Инженер пропустил реплику мимо ушей.

— Ты понимаешь, — продолжал он, — что мне сразу пришла мысль о возможности использовать огненную машину на стройке храма. Гелиобал долго упирался, хотя я сулил ему крупное вознаграждение.

— Я пришел потому, что хотел построить большую машину, — сказал Гелиобал.

— Вот как! — Центурион метнул на него тяжелый взгляд. — Ах да, — сказал он с иронией, — ты же ведь свободный человек. Может быть, даже прямой потомок Газдрубала и Ганнибала? — Он сделал паузу, но финикиец молчал. Кем бы ты ни был, запомни: если б ты отказался служить Риму за деньги, я мог бы тебя просто реквизировать.
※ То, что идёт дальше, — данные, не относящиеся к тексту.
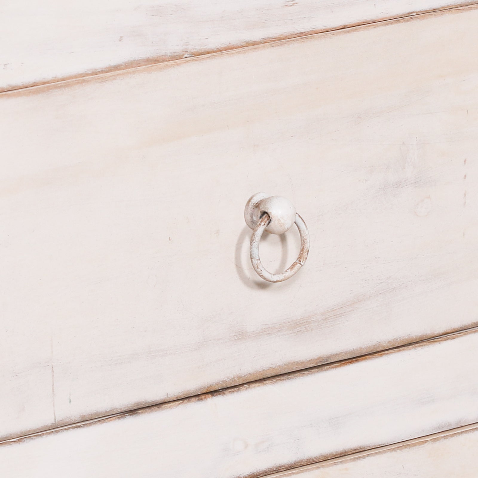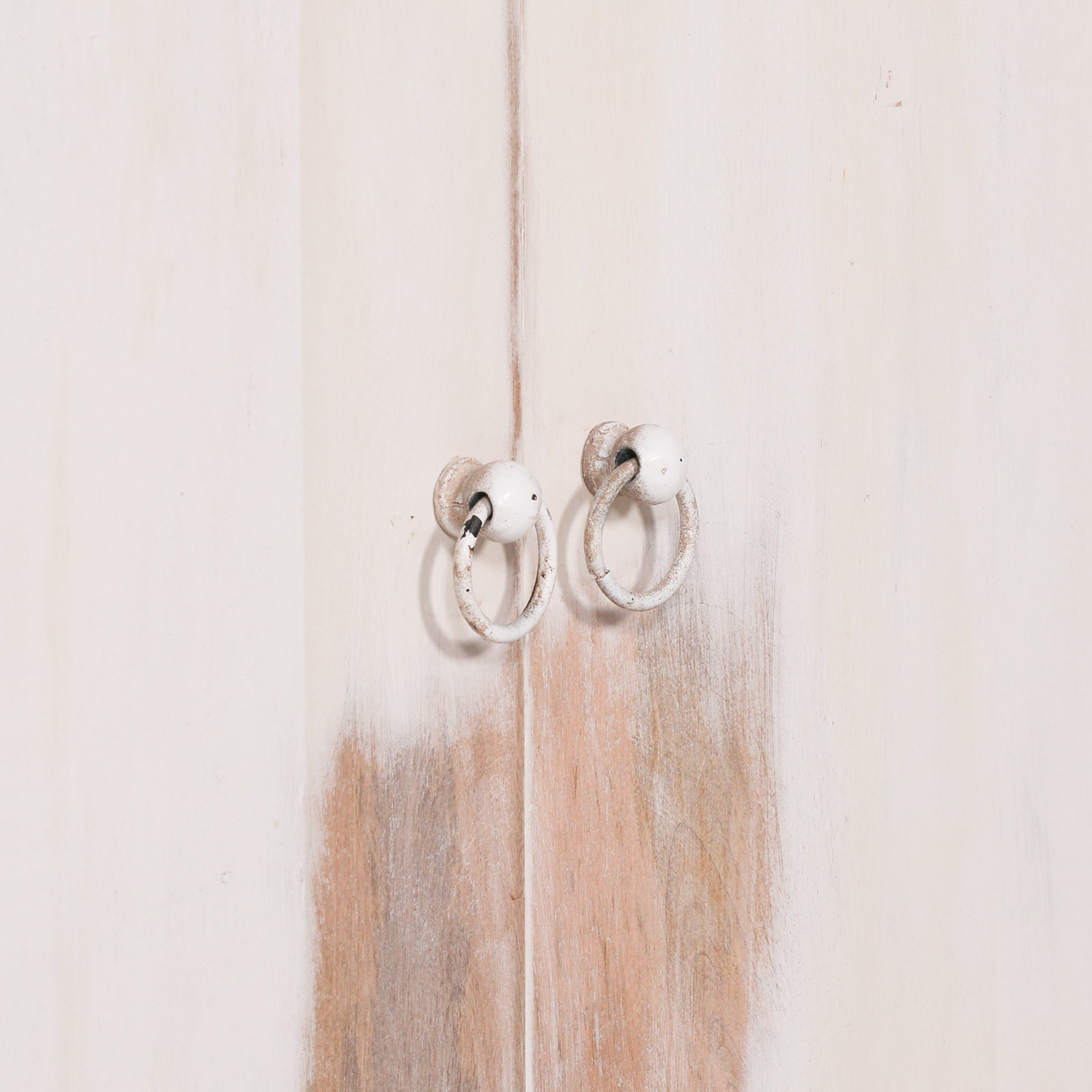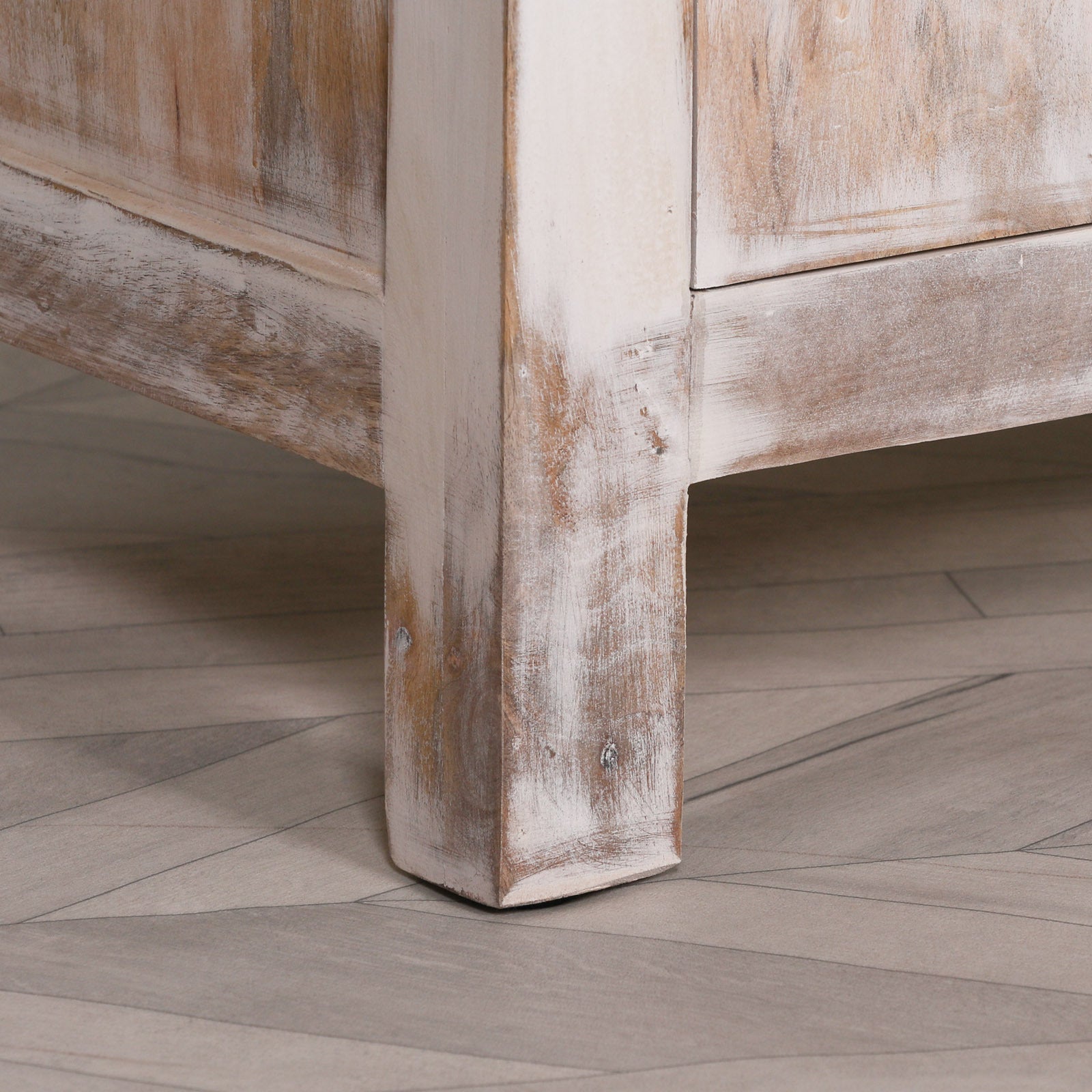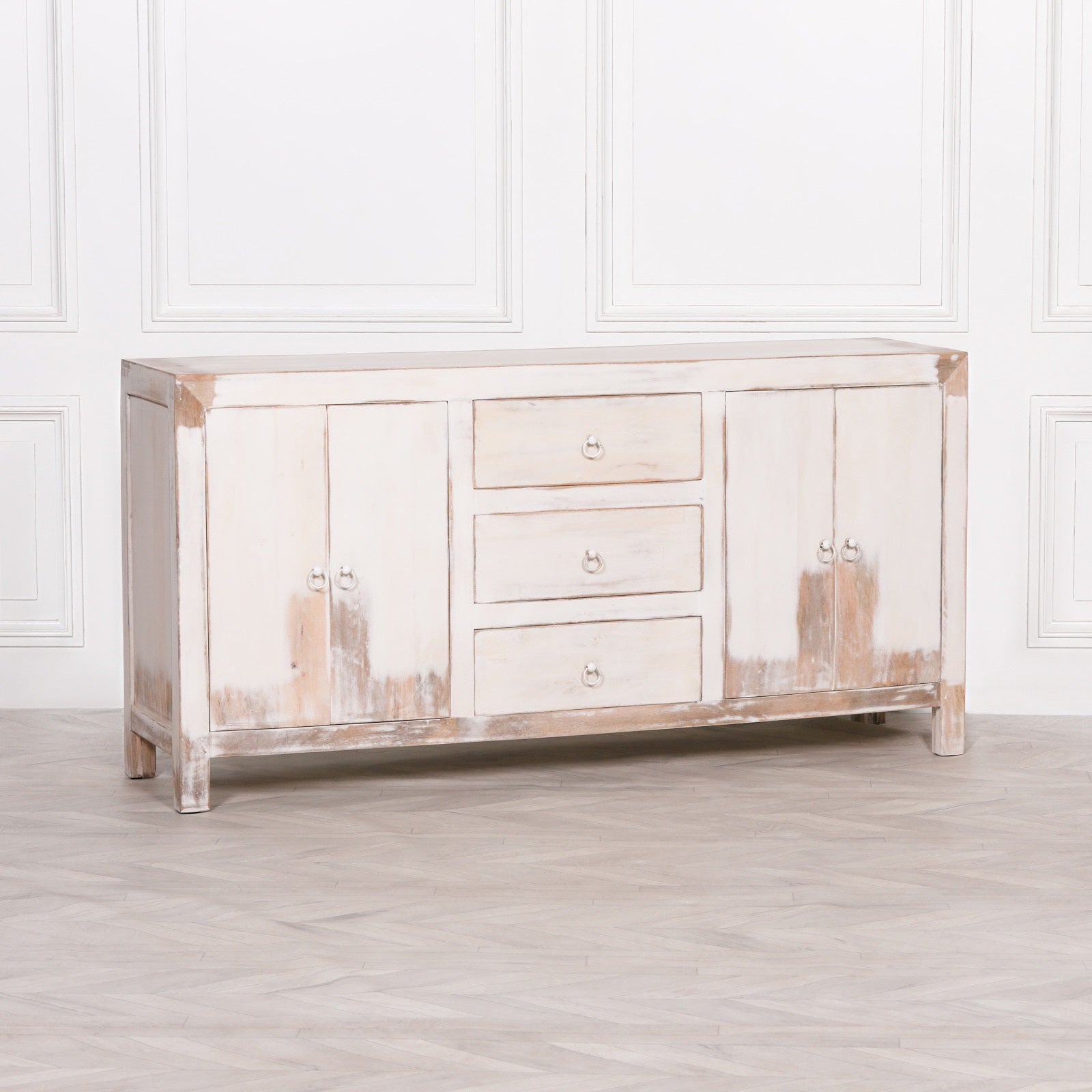 This white distressed oriental sideboard adds a touch of charm to any room. Handcrafted from mango wood, it features four doors and white metal ring handles, all in a weathered white finish.

— Не горячись! — сказал инженер, кладя руку на плечо распалявшегося офицера. — Не забывай, что земля — единственное, что кормит его семью, ему было нелегко с ней расстаться. Кроме того, Юпитер избрал этого человека своим орудием, чтобы передать через него секрет приручения огня. Заметив, что аргумент произвел на центуриона впечатление, инженер поспешил окончательно погасить вспышку: — А сейчас настал момент испытания. Займи свое место, Гелиобал, отдай приказ своим людям, мы начинаем!

Последующие несколько минут были заполнены быстрой и хлопотливой подготовкой к пуску двигателя. В ней, однако, не было излишней суеты. Люди, обслуживающие машину, а их оказалось не меньше трех десятков, знали свою задачу, действовали толково и четко. Гелиобал изредка делал негромкие замечания, его понимали с полуслова, даже полужеста. Центуриону как военному человеку, обожавшему порядок, процедура понравилась. Он невольно сравнивал ее с бестолковщиной на разных участках стройки, без которой, пожалуй, не обходилось ни в каком деле, где одновременно трудились несколько десятков рабов. Странно уже то, что здесь никого не нужно было подгонять бичом. Почему это? Уж не потому ли, что им всем, как Гелиобалу, просто хотелось построить машину, а теперь просто хочется, чтобы она работала? Чушь!..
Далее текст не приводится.